→ **TASK**
Can you copy out the data exactly? Leave the images out.

→ **RAW DATA**
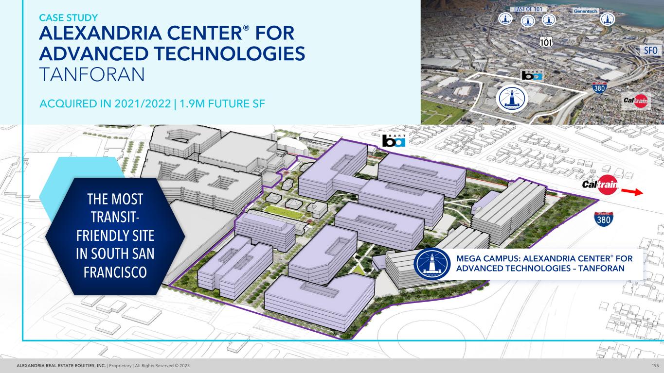 195ALEXANDRIA REAL ESTATE EQUITIES, INC. | Proprietary | All Rights Reserved © 2023 CASE STUDY ALEXANDRIA CENTER® FOR ADVANCED TECHNOLOGIES TANFORAN ACQUIRED IN 2021/2022 | 1.9M FUTURE SF THE MOST TRANSIT- FRIENDLY SITE IN SOUTH SAN FRANCISCO EAST OF 101 SFO MEGA CAMPUS: ALEXANDRIA CENTER® FOR ADVANCED TECHNOLOGIES – TANFORAN
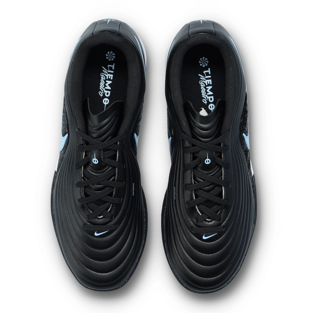 Nike Tiempo Maestro Academy voetbalschoenen Turf. Schoenen  voor gebruik op tapijt- of kunstgrasvelden. Instapmodellen schoenen in de kleur Black-Ice Blue.
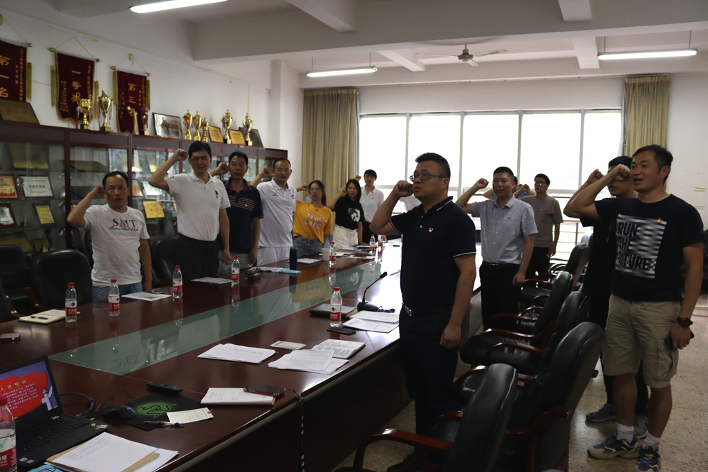 根据省委和学校党委的统一安排部署,结合学校基层党支部专题组织生活会工作要求,体育工作部党直支于2020年7月8日下午召开了“庆祝建党99周年,重温入党誓词,坚定理想信念”主题党日活动。
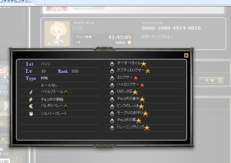 …って、SEMにログイン&連動してる人じゃないと装備他が表示されないのか。
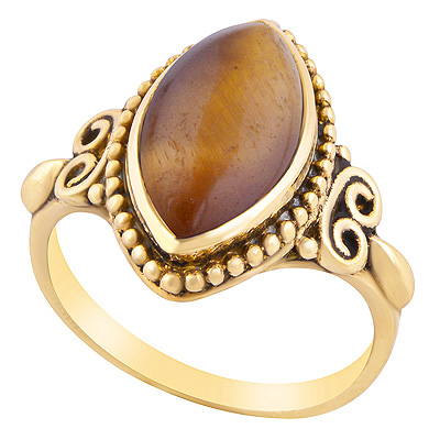 Beautifully Handcrafted Work Around Tiger's Eye Marquise Shape Solid Brass Ring
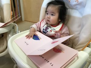 開くと絵が出てくるのが楽しいようで、指を上手に使ってページをめくる子もいました?
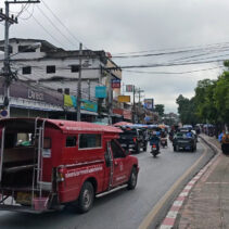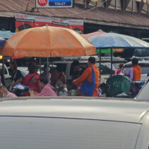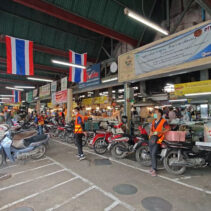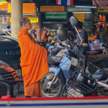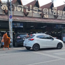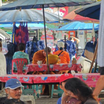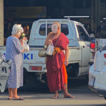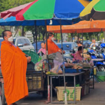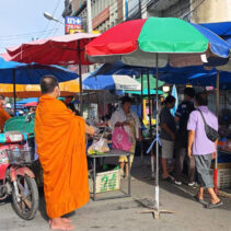 In the early morning at Chiang Mai Gate Market, Buddhist monks can be seen standing and waiting for people to offer them food, instead of walking on alms rounds as is customary. Each monk remains in place until his alms bowl is full, then transfers the food into a bag and continues standing until late.
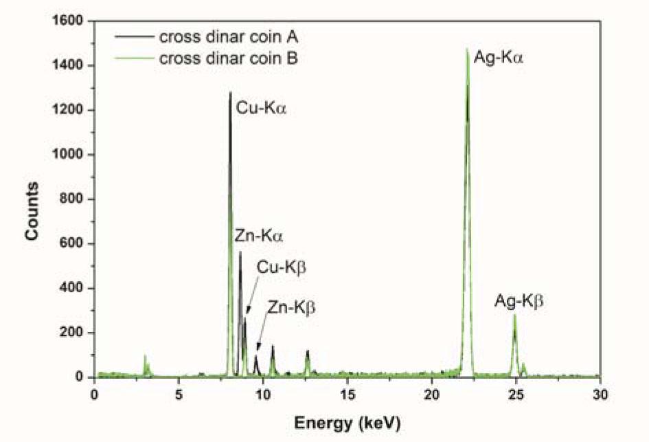 The composition of cross denars was determined using different techniques of X-ray spectrometry. The ED-XRF results refer to the surface measurement. Figure 3 represents the comparison of XRF “macro” spectra for the surfaces of both coins (A and B).
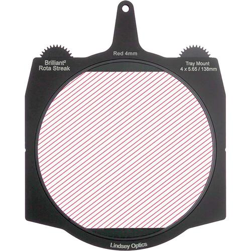 This Brilliant² Rota-Streak Filter from Lindsey Optics adds a red-tinged, two-point streak effect to bright lights and highlights in the shot. Its frame is compatible with most 6.6 x 6.6" matte boxes and features two integrated gears, one on each side of the tray, for flexibiltiy in rotating the filter from either side of the lens. Rotate the filter manually or use a motor to orient the filter's effect in your desired position.
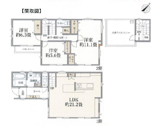 上尾市愛宕1丁目 全2棟 A号棟 【新築一戸建て/販売事例集】
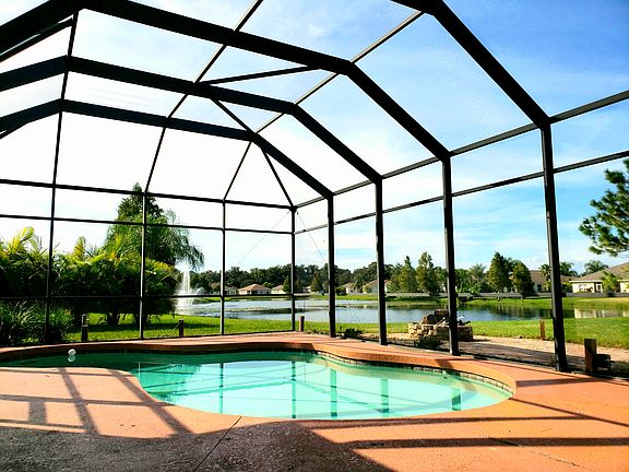 WELCOME HOME to this hard to find 4 bedroom 3 bath 3 car garage pool home in the quiet neighborhood of Northwood Park. This 2006 Bruce Williams home is ready to its new owner. This home features an inviting tiled foyer, split bedroom floor plan, separate dining room with laminate wood floors, spacious tiled living room leading to the open kitchen with cherry wood cabinets, solid counter tops, stainless appliances and a tiled backsplash. The kitchen overlooks the family room that includes a custom built-in entertainment center and sliders opening to the pool area. Behind the family room is the 4th bedroom, 3rd bath that makes for an ideal overnight guest area or possible in-law suite. The in ground pool is solar heated for year round enjoyment. Off the pool is a convenient fenced dog run. The large screened pool area is accessible from the master bedroom as well as the living room and family room. The master suite is spacious with an extended seating area and a large walk-in closet. The master bath features a large walk in shower, dual sinks, water closet & deep soaking tub. The other two bedrooms are in the front of the home and are separated by the 2nd full bath. The laundry room has direct access to the 3 car garage. The yard backs to a tranquil pond to enjoy amazing sunsets. As a bonus there is a side paver patio with a stone firepit for an evening of S'mores and stories. There is also a neighborhood park/playground. Low HOA fees/no CDD's. Very close to 41, I-75 & I-275 making for easy commuting.

→ **TASK RESPONSE**
 195ALEXANDRIA REAL ESTATE EQUITIES, INC. | Proprietary | All Rights Reserved © 2023 CASE STUDY ALEXANDRIA CENTER® FOR ADVANCED TECHNOLOGIES TANFORAN ACQUIRED IN 2021/2022 | 1.9M FUTURE SF THE MOST TRANSIT- FRIENDLY SITE IN SOUTH SAN FRANCISCO EAST OF 101 SFO MEGA CAMPUS: ALEXANDRIA CENTER® FOR ADVANCED TECHNOLOGIES – TANFORAN
 Nike Tiempo Maestro Academy voetbalschoenen Turf. Schoenen  voor gebruik op tapijt- of kunstgrasvelden. Instapmodellen schoenen in de kleur Black-Ice Blue.
 根据省委和学校党委的统一安排部署,结合学校基层党支部专题组织生活会工作要求,体育工作部党直支于2020年7月8日下午召开了“庆祝建党99周年,重温入党誓词,坚定理想信念”主题党日活动。
 …って、SEMにログイン&連動してる人じゃないと装備他が表示されないのか。
 Beautifully Handcrafted Work Around Tiger's Eye Marquise Shape Solid Brass Ring
 開くと絵が出てくるのが楽しいようで、指を上手に使ってページをめくる子もいました?
 In the early morning at Chiang Mai Gate Market, Buddhist monks can be seen standing and waiting for people to offer them food, instead of walking on alms rounds as is customary. Each monk remains in place until his alms bowl is full, then transfers the food into a bag and continues standing until late.
 The composition of cross denars was determined using different techniques of X-ray spectrometry. The ED-XRF results refer to the surface measurement. Figure 3 represents the comparison of XRF “macro” spectra for the surfaces of both coins (A and B).
 This Brilliant² Rota-Streak Filter from Lindsey Optics adds a red-tinged, two-point streak effect to bright lights and highlights in the shot. Its frame is compatible with most 6.6 x 6.6" matte boxes and features two integrated gears, one on each side of the tray, for flexibiltiy in rotating the filter from either side of the lens. Rotate the filter manually or use a motor to orient the filter's effect in your desired position.
 上尾市愛宕1丁目 全2棟 A号棟 【新築一戸建て/販売事例集】
 WELCOME HOME to this hard to find 4 bedroom 3 bath 3 car garage pool home in the quiet neighborhood of Northwood Park. This 2006 Bruce Williams home is ready to its new owner. This home features an inviting tiled foyer, split bedroom floor plan, separate dining room with laminate wood floors, spacious tiled living room leading to the open kitchen with cherry wood cabinets, solid counter tops, stainless appliances and a tiled backsplash. The kitchen overlooks the family room that includes a custom built-in entertainment center and sliders opening to the pool area. Behind the family room is the 4th bedroom, 3rd bath that makes for an ideal overnight guest area or possible in-law suite. The in ground pool is solar heated for year round enjoyment. Off the pool is a convenient fenced dog run. The large screened pool area is accessible from the master bedroom as well as the living room and family room. The master suite is spacious with an extended seating area and a large walk-in closet. The master bath features a large walk in shower, dual sinks, water closet & deep soaking tub. The other two bedrooms are in the front of the home and are separated by the 2nd full bath. The laundry room has direct access to the 3 car garage. The yard backs to a tranquil pond to enjoy amazing sunsets. As a bonus there is a side paver patio with a stone firepit for an evening of S'mores and stories. There is also a neighborhood park/playground. Low HOA fees/no CDD's. Very close to 41, I-75 & I-275 making for easy commuting.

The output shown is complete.